The model achieves good performance on the test set, particularly effective at:
- Distinguishing between greetings and general statements
- Identifying questions in both MSA and Iraqi dialect
- Classifying complaints and technical issues
- Handling mixed dialectal variations

## Supported Dialects

- **Modern Standard Arabic (MSA)**: Formal Arabic text
- **Iraqi Dialect**: Colloquial Iraqi Arabic expressions and vocabulary

## Limitations

- The model is specifically trained on MSA and Iraqi dialect; performance may vary with other Arabic dialects
- Limited to 4 predefined categories
- Performance depends on the similarity of input text to training data patterns
- Maximum input length is 128 tokens

## Ethical Considerations

This model is intended for text classification purposes and should be used responsibly.

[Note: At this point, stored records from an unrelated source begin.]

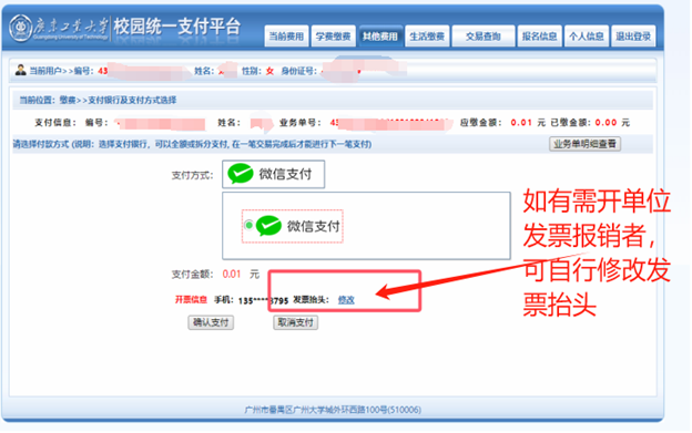 B.选择微信支付方式(如图2-3所示),如电子票据需开单位报销的请修改开票信息(默认交款人是学生姓名)。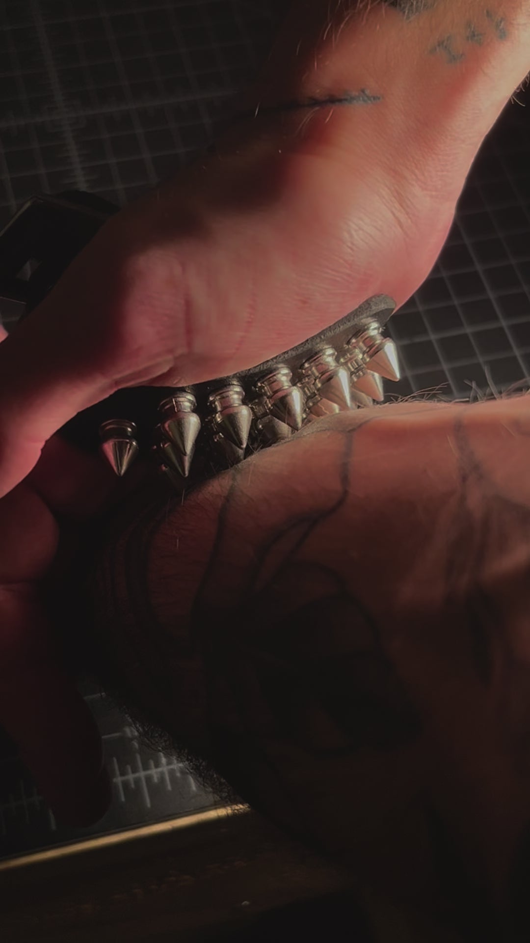 9/10 ounce latigo leather with stainless steel spikes. Measure around your hand for size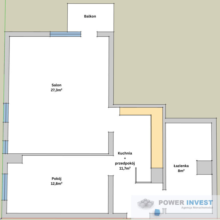 Salon (27,3 m²) – przestronny i słoneczny, wyposażony w zabudowę
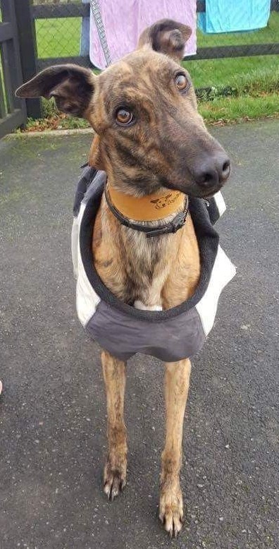 Wie jeder andere Hund braucht auch ein Greyhound seine täglichen Spaziergänge bei Wind und Wetter.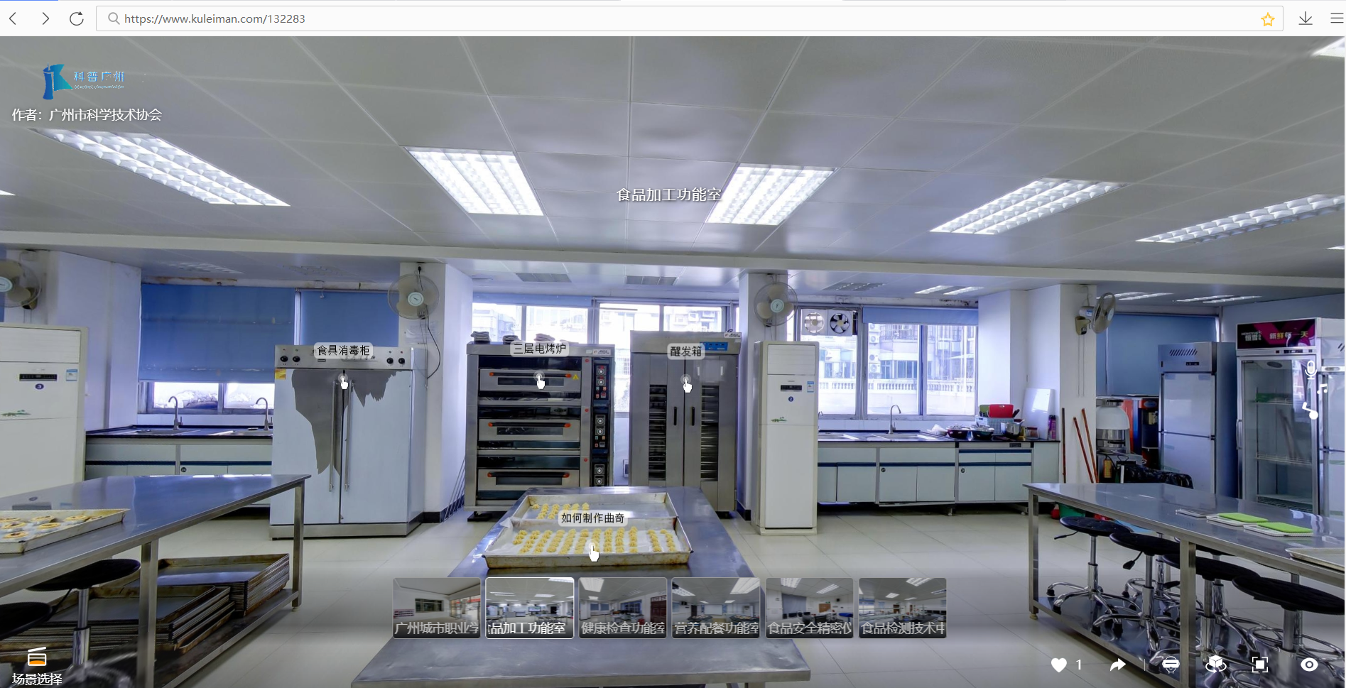 食品加工功能室设有焙烤食品制作设备,有专业烤箱、和面机、发酵机、操作台、模具等,可现场进行焙烤食品加工体验,不仅教给市民如何在家里制作营养安全的面包、蛋糕,而且教会大家如何识别焙烤食品的好坏。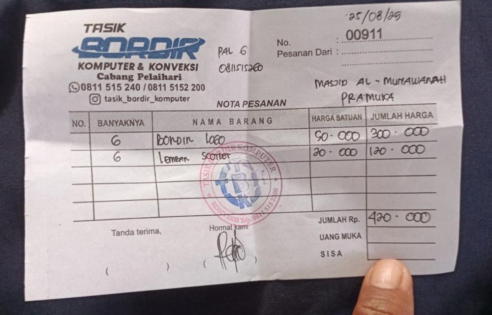 Biaya pengerjaan Bordir dan Skotlet untuk 6 buah Rompi Relawan Masjid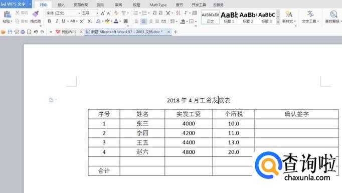 任意创建一个wps word文档,插入一个简单的表格作为例子,如图所示。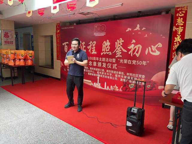 据悉,本次庆祝建党100周年“百年征程 照鉴初心”主题活动暨“光荣在党50年”纪念章颁发活动由福州市鼓楼区委文明办、鼓东街道办事处以及树兜社区联合主办,福建省妇女儿童活动中心以及福建省泰祥建筑劳务有限公司等单位协办,该活动包括为老党员佩戴新党徽;向党旗宣誓,重温入党誓词;向获得“光荣在党50周年”纪念章的老党员颁发纪念章;由单位代表、少先队员为老党员献花及颁发纪念品;两新组织党员大额党费缴纳仪式等。50年党龄老党员及亲属、共建单位代表、区人大代表、社区党员、志愿者、学生代表、居民群众等参与活动。(记者 郭超 吴喜达)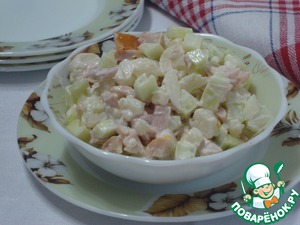 Простой салат, немного вредный, но вкусный. Думаю, что иногда можно и приготовить, когда хочется чего-нибудь такого.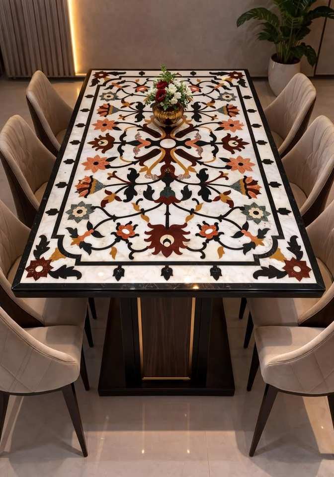 Îlot lumineux contemporain de qualité export avec incrustation de marbre et plan de travail en résine pour projets hôteliers et villas – Plateau de vanité

Users should be aware that:
- The model may reflect biases present in the training data
- Performance may vary across different Arabic dialects not represented in training
- The model should not be used for sensitive applications without proper validation

## Citation

If you use this model in your research, please cite:

```bibtex
@misc{arabic-mi-classifier,
  title={Arabic Message Classification Model},
  author={Ahmed Majid},
  year={2025},
  howpublished={Hugging Face Model Hub},
  url={https://huggingface.co/ahmedmajid92/Arabic_MI_Classifier}
}
```

## Model Card

For more detailed information about the model's intended use, training data, and ethical considerations, please refer to the model card.

## Contact

For questions or issues, please contact ahmed1991madrid@gmail.com or create an issue in the model repository.

## License

This model is released under the MIT License, same as the base model `morit/arabic_xlm_xnli`.